Самый древний из всех страхов
(По поводу Толстого)

Природа проявила великодушие только к тем, кого избавила от мыслей о смерти. Остальных же она отдала во власть самому древнему и самому губительному из страхов, не оставив никаких средств избавиться от него. Если умирать — естественно, то вовсе не естественно сосредоточиваться на мыслях о смерти и думать о ней непрестанно. Тот, чей разум никогда не отвращается от смерти, исполнен эгоизма и тщеславия; поскольку жизнь его зависит от того, что думают о нем другие, он не может примириться с мыслью, что в один прекрасный день его не станет; забвение превратилось для него в неотвратимый кошмар, а потому он агрессивен и раздражителен и пользуется любым случаем, чтобы выказать свою злобу и дурные манеры. Разве не очевидно, что в страхе смерти есть что-то неуклюжее? Этот страх, который гложет честолюбцев, оставляет в покое чистые души; он лишь слегка касается их, но не ранит. Другие же, испытывая его, раздражаются и сердятся на тех, кто его не ощущает. Никогда какой-нибудь Толстой не простит им их счастья не ведать этого страха и накажет их, навязывая его, описывая с тщательностью, одновременно отвратительной и завораживающей. Его искусство состоит в том, чтобы любую агонию превратить именно в агонию и заставить читателя с волнением и испугом повторять: «Так вот, значит, как умирают».

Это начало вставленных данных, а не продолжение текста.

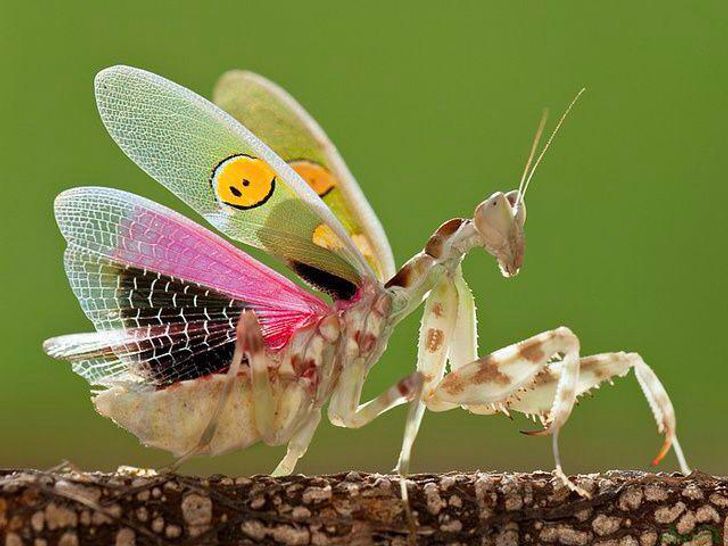 Cuando las mantis se sienten en peligro, despliegan las alas para mostrar dos manchas que imitan dos ojos. Además, parecen más grandes de lo que son en realidad. Estas mantis se pueden encontrar en todo el territorio de África subsahariana.

В переменчивую обстановку обыденности, в которой живет Иван Ильич, ворвалась болезнь. Поначалу он решил, что это лишь легкое недомогание, обычное заболевание без последствий; потом, под воздействием мучений, все более определенных и вскоре ставших невыносимыми, он в конце концов понял серьезность своего положения и утратил мужество: «Ивану Ильичу в иные минуты, после долгих страданий, больше всего хотелось, как ему ни совестно было бы признаться в этом, — хотелось того, чтобы его, как дитя больное, пожалел бы кто-нибудь. Ему хотелось, чтобы его приласкали, поцеловали, поплакали бы над ним, как ласкают и утешают детей. Он знал, что он важный член, что у него седеющая голова и что потому это невозможно, но ему все-таки хотелось этого» [Толстой Л. Н. Смерть Ивана Ильича].

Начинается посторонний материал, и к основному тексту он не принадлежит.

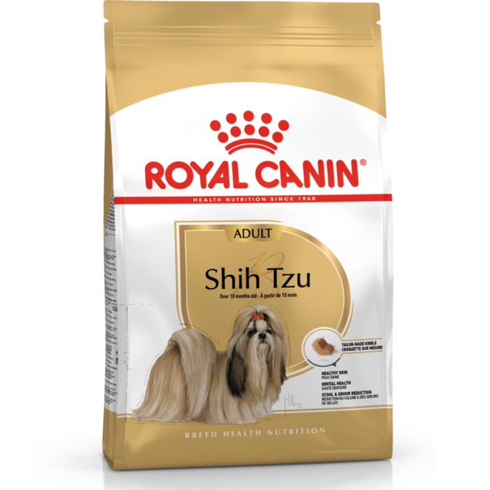 ROYAL CANIN® Shih Tzu Adult-torrfoder är ett hundfoder lämpligt för hundar som är 10 månader och äldre. Detta helfoder är speciellt utvecklat med alla din vuxna Shih tzus näringsbehov i åtanke. Det innehåller en exklusiv kombination av näringsämnen som bidrar till att bibehålla din hunds hud hälsosam – vilket har en positiv effekt på pälshälsan. Sammansättningen inkluderar omega-3-fettsyrorna EPA och DHA, och är berikat med boragoolja; dessa fettsyror är viktiga för att ge näring till din hunds hud och päls. Fodret innehåller också kalciumkelatorer som bidrar till att bibehålla din hunds tandhälsa.

Жестокость, по крайней мере в литературе, — признак избранности. Чем одареннее писатель, тем более явно он стремится поставить своих героев в безвыходное положение; он их преследует, терзает, вынуждает переживать в мельчайших подробностях безысходность или агонию. Точнее говоря, даже не жестокость, а свирепость проявляет писатель, показывая появление неизлечимой болезни, нарушившей течение ничем не примечательного существования, выделяя мельчайшие оттенки ужаса, внезапно обрушившегося на совершенно заурядного индивида.

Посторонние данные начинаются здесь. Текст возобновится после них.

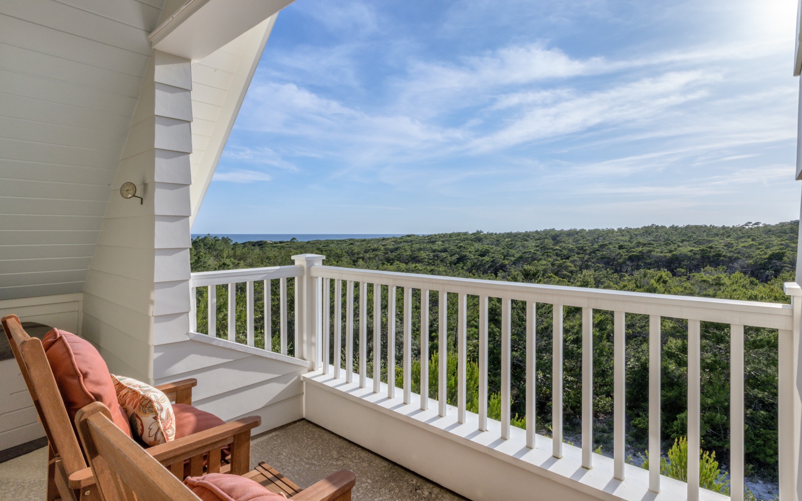 The second-floor balcony has incredible views of the Gulf. Can you hear the waves crashing onto the shore?

«Вдруг он почувствовал знакомую старую, глухую, ноющую боль, упорную, тихую, серьезную» [Толстой Л. Н. Смерть Ивана Ильича]. Толстой, столь скупой на эпитеты, находит сразу несколько, чтобы охарактеризовать очень болезненное ощущение. Плоть у него предстает как хрупкая и вместе с тем пугающая реальность, как великий источник ужасов, и он совершенно справедливо отправляется именно от плоти, чтобы рассмотреть феномен смерти. Нет никакого исхода в абсолюте, независимо от наших органов и болезней. Что значит угаснуть внутри системы? И гнить? Метафизика вовсе не заботится о трупах. Как, впрочем, и о живом человеке. Чем более говорят об абстрактном и безличном, будь то из-за понятий или предрассудков (философы и обычные люди одинаково блуждают в ирреальном), тем более смерть, близкая, неминуемая, кажется немыслимой. Не будь болезни, Иван Ильич — личность ничем не примечательная, — не имел бы никакого облика, никакой сущности. Именно болезнь, уничтожая, приводит его личность в соответствие с бытием. Вскоре он станет ничем, но и до болезни он был ничем; он действительно существует лишь в этом промежутке между пустотой здоровья и пустотой смерти. Он существует ровно столько, сколько умирает.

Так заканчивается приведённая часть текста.